Data under study
——————————
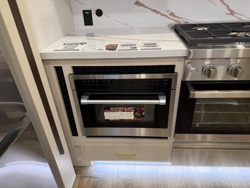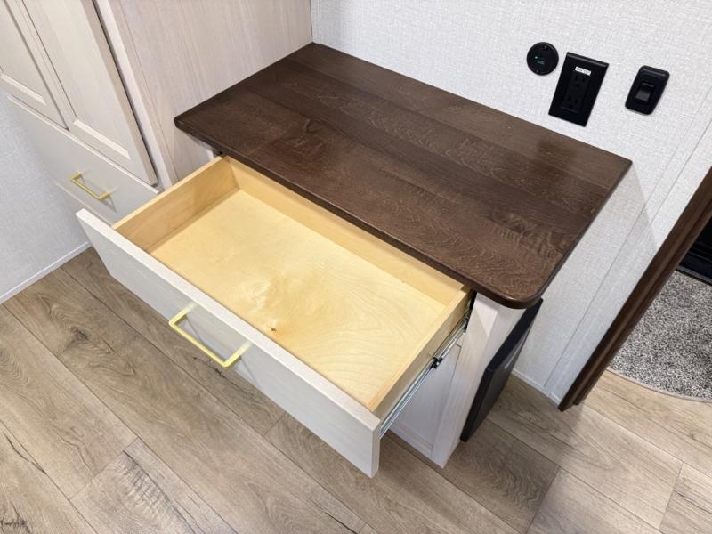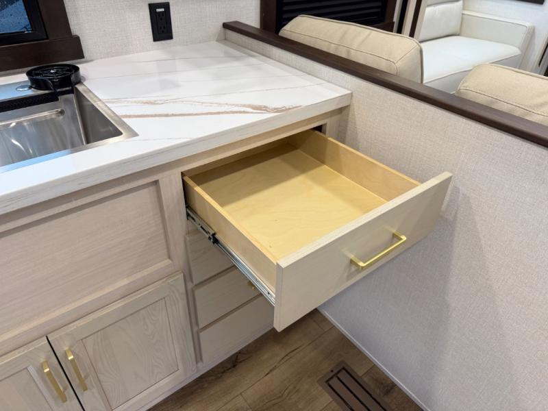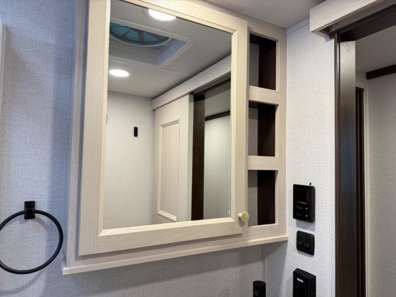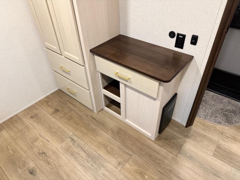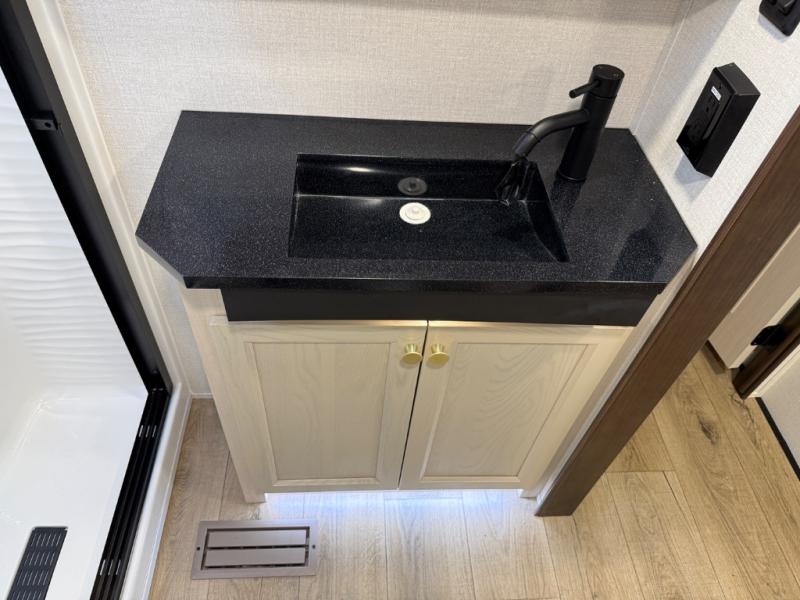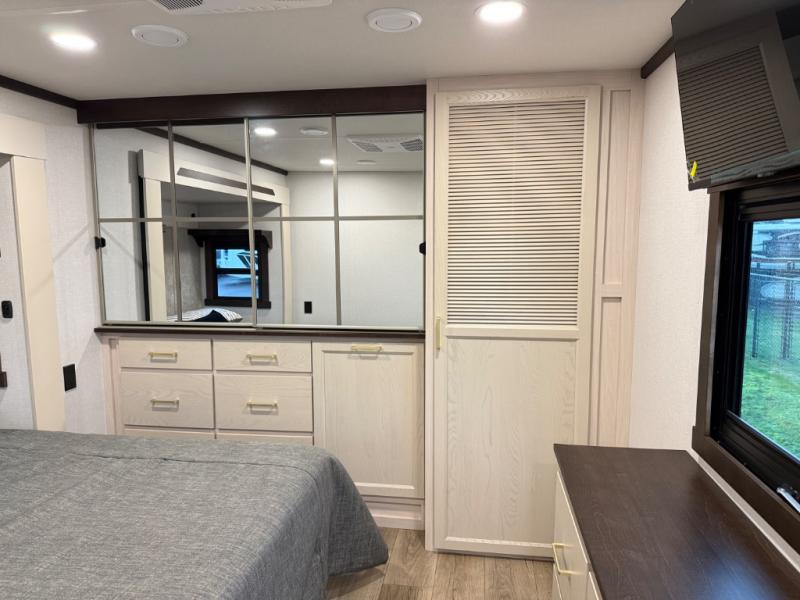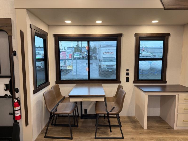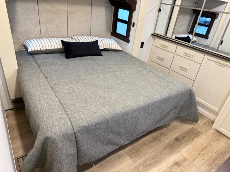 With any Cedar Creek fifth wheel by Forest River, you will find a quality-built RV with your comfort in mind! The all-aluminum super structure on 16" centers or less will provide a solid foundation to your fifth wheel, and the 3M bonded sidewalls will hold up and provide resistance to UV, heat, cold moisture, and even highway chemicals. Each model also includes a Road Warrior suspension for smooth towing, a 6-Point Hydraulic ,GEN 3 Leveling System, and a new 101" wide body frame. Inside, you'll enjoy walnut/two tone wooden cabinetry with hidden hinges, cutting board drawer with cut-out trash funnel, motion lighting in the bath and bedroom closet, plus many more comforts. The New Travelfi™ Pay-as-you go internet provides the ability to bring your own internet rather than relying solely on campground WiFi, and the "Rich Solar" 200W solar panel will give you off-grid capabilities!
——————————
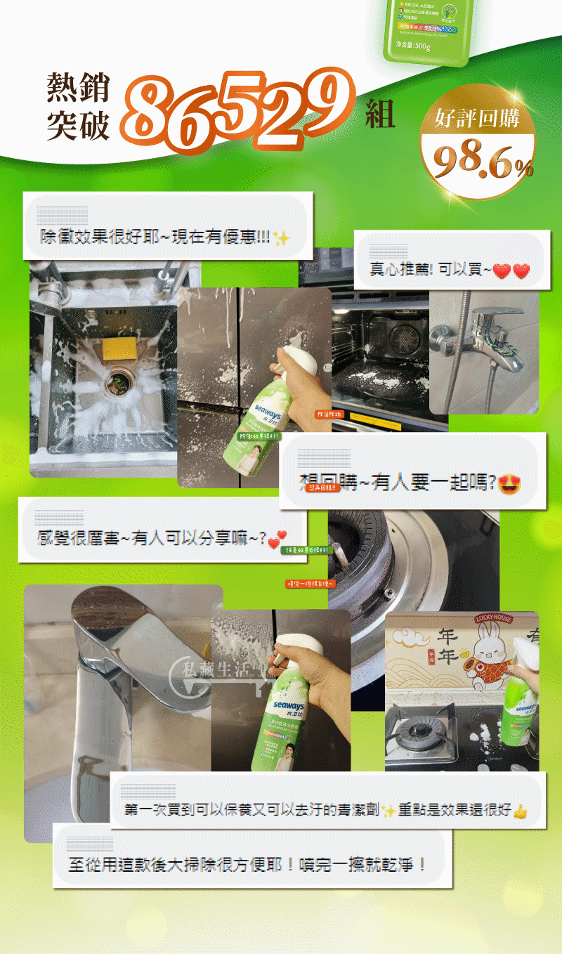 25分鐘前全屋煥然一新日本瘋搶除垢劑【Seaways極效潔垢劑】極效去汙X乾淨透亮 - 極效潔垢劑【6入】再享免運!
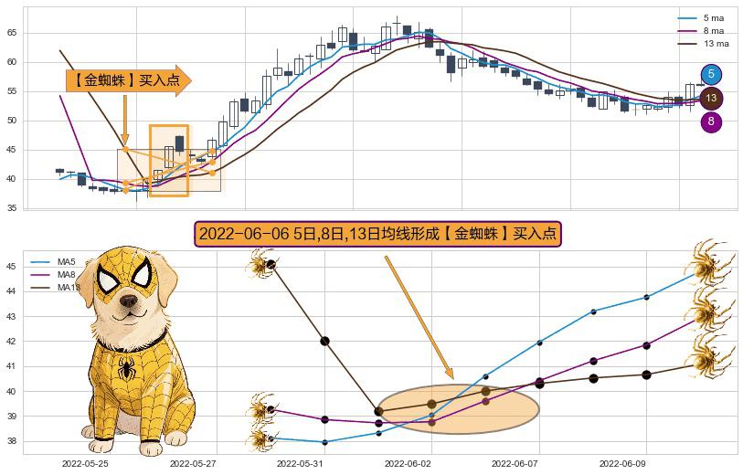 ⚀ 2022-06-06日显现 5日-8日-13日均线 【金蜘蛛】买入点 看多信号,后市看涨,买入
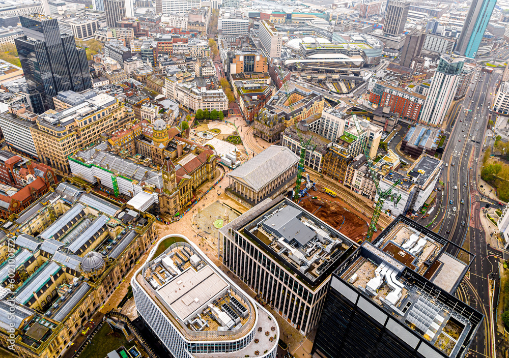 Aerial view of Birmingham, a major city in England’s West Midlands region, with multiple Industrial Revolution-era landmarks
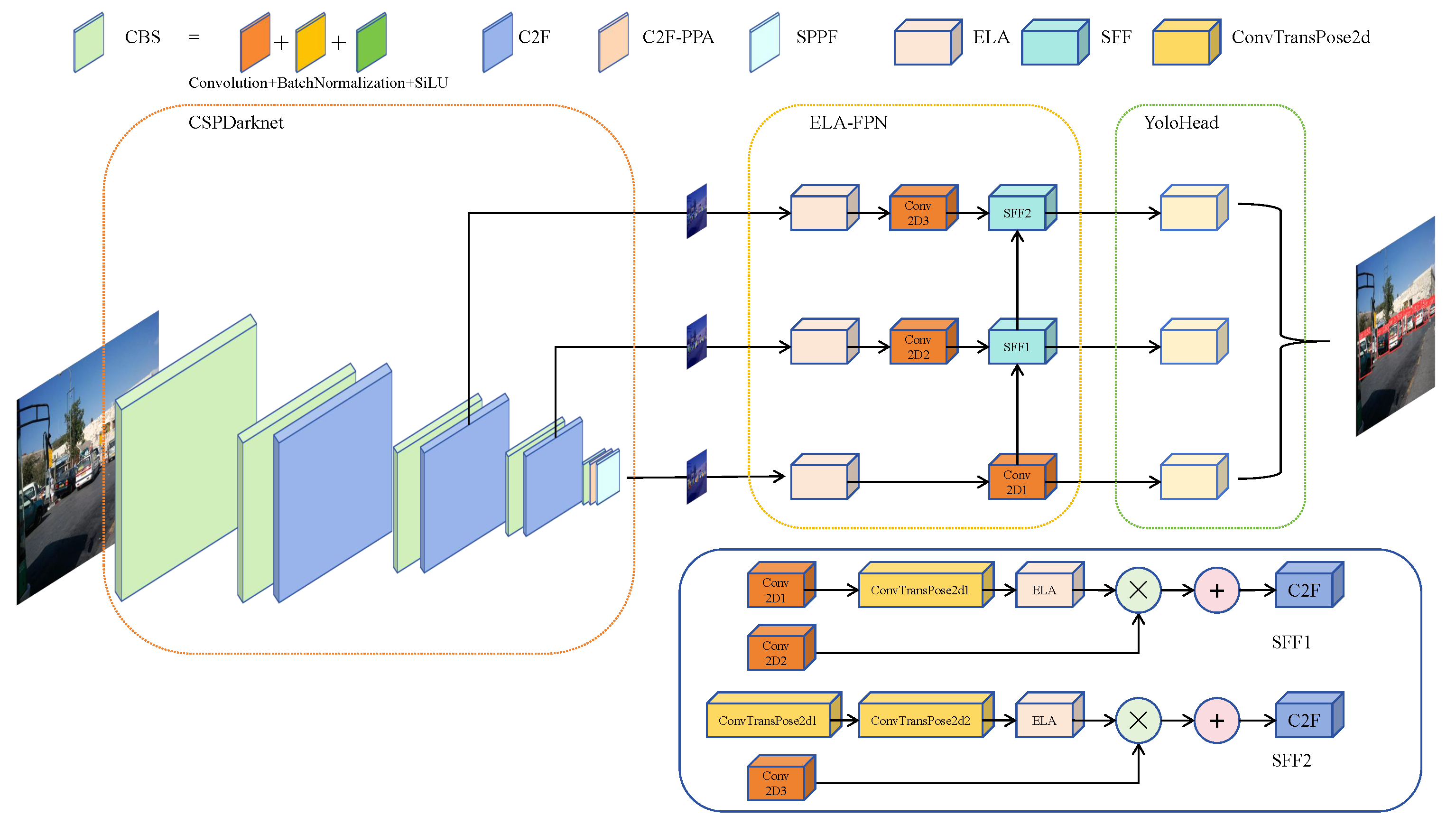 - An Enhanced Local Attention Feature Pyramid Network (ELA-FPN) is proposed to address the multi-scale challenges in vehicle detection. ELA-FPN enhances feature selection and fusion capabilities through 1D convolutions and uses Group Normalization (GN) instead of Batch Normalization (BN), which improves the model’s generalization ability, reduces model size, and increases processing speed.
——————————
To do
Set down word for word the lines above from the one with "5日-8日-13日均线 【金蜘蛛】买入点 看多信号,后市看涨,买入" up to and including the one with "- An Enhanced". Omit every picture.

Task output
 ⚀ 2022-06-06日显现 5日-8日-13日均线 【金蜘蛛】买入点 看多信号,后市看涨,买入
 Aerial view of Birmingham, a major city in England’s West Midlands region, with multiple Industrial Revolution-era landmarks
 - An Enhanced Local Attention Feature Pyramid Network (ELA-FPN) is proposed to address the multi-scale challenges in vehicle detection. ELA-FPN enhances feature selection and fusion capabilities through 1D convolutions and uses Group Normalization (GN) instead of Batch Normalization (BN), which improves the model’s generalization ability, reduces model size, and increases processing speed.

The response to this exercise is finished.